Danny pointed at Larry’s quote on the page.

‘I was mostly stoned when I wrote that book. And I can’t remember coming up with that bit. Sometimes you get lucky with ideas. Phil Dick certainly did. He had a thing about precognition, of course.’

‘And . . . uhn . . . you?’

Larry sighed.

‘When you get to my age precognition isn’t so much of an issue.’

‘Uhn.’ Danny smiled and suddenly had a thought.

He went over to one of the bookshelves and crouched down in front of it. One section was a false front that clicked open as he pushed at it to reveal a small wall safe concealed behind it. He dialled the combination lock, opened the door and took out a padded envelope. He stood up and shook its contents out onto the table. There was a sheaf of yellowing sheets of A4 paper. A manuscript with a heading on the first page: The Hanged Man. With it were newspaper clippings, articles about Vita Lampada and Marius Trevelyan.

‘What’s all this?’ asked Larry.

‘I want you to have . . .’

‘Is this a story you’ve written?’

‘Uhn, no . . . Secrets, official secrets.’

‘Listen, I’m really not looking for material, you know.’

‘Please.’

Danny knew now that he had found a safe place. Where better to hide a pebble than on a beach? Larry would have stacks of papers and manuscripts. And he was a writer, so he might be able to do something with the story.

‘You, uhn.’ He looked imploringly at Larry. ‘You understand.’

‘Well, you know how to flatter a guy.’

‘Take it . . . uhn . . . please.’

Larry looked at Danny and then down at what was scattered across the table. Words, words, words, he thought. As if I need any more of them. Then he shrugged and scooped them all up. Danny smiled.

‘Uhn . . . thanks.’

Larry left at six. Danny then went to see Lorraine. He asked her to find him a new doctor and to order him some sushi, four types of nigiri and miso soup. At eight he watched an episode of The X-Files. In the show the FBI agents Mulder and Scully investigated a series of assaults in a community of carnival sideshow performers. The attacker turned out to be one of a pair of co-joined twins who had found a way of detaching himself from his brother but was then compelled to find another body to connect with.
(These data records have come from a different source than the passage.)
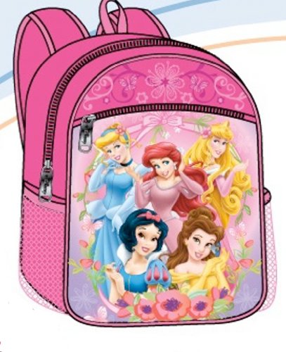 Princess Full Size Backpack is perfect for 3 yrs- 14yrs. Adjustable Straps are padded and back of the backpack is padded for your child's comfort. Has Zipper Main compartment, One larger &one smaller Zipper Pockets on the front. One mesh pocket with Water Bottle and one zipper pocket on each side of the bag.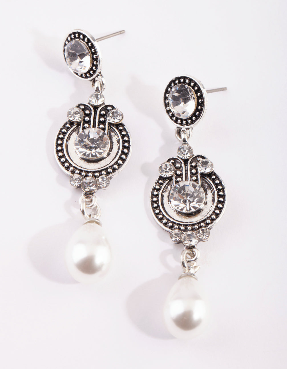 Silver Diamante & Pearl Drop Earrings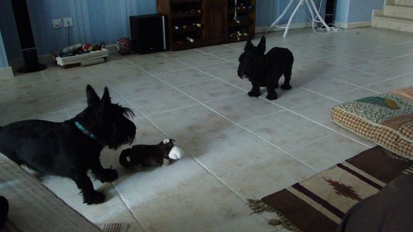 Веселый ролик о том, как шотландские терьеры увидели хихикающую игрушку обезьяны.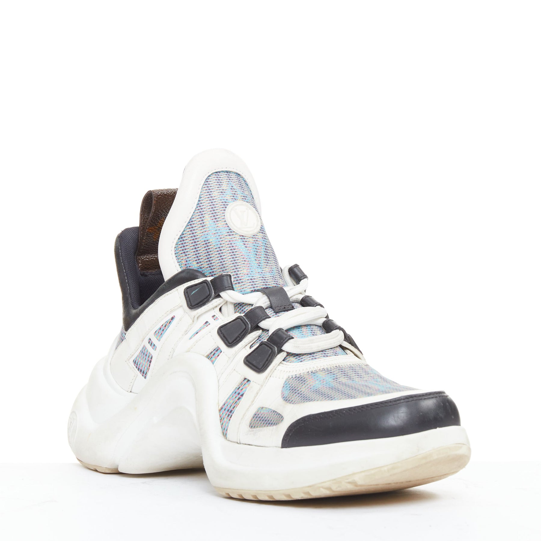 LOUIS VUITTON Archlight white leather black blue monogram chunky sneakers EU39

After sundown Danny went up onto the terrace. He lit a Marlboro Light and looked out over the constellation of lights in the valley. A matrix: each bright dot a soul. An airliner crept across the horizon, a signal pulsing against the night. Somewhere, waiting in the sky. Danny felt that he had let go of some of the dangerous knowledge of the world. Maybe now he would get his voice back and he could take some studio time, sing again. Part of him wished that he could go to the Celebrity Center and get clear. If only he could really be brainwashed, his mind wiped clean of it all. But it hadn’t worked. He was still lost in space, in the free-fall of a slow decaying orbit. There’s a starman, over the rainbow. But he had never landed. Danny had watched the skies for years but they had never come. Alone. Set adrift on memory bliss. Sampled sighs and feedback distortion, his mind a tape-loop. He felt a great weariness, all his experience repeats and reruns. Perhaps this whole universe was just a remake, a cover version.